INPUT DATA:
════════════════════

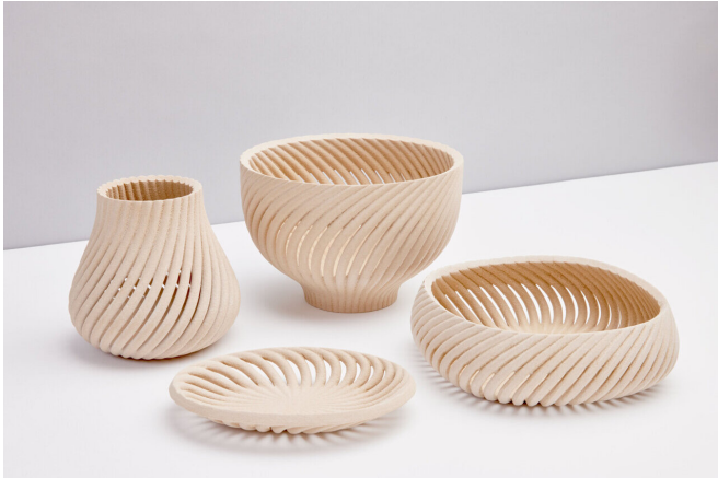
Desktop Metal.

The 3D printing company Desktop Metal has just announced the release of Forust, a new tool using wood to 3D print objects. The company, founded in 2019, focuses on 3D printing for interior design. With printing methods deemed "non-destructive", they haven't come under much scrutiny for safety or environmental concerns, making them an attractive prospect for acquisition.
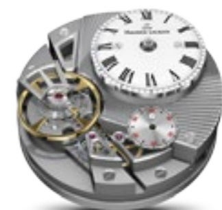
CALIBRE ML 230 MASTERPIECE GRAVITY

════════════════════

ASSIGNED TASK: Repeat the listing above exactly, omitting the pictures it contains.

TASK OUTPUT:
Desktop Metal.

The 3D printing company Desktop Metal has just announced the release of Forust, a new tool using wood to 3D print objects. The company, founded in 2019, focuses on 3D printing for interior design. With printing methods deemed "non-destructive", they haven't come under much scrutiny for safety or environmental concerns, making them an attractive prospect for acquisition.
CALIBRE ML 230 MASTERPIECE GRAVITY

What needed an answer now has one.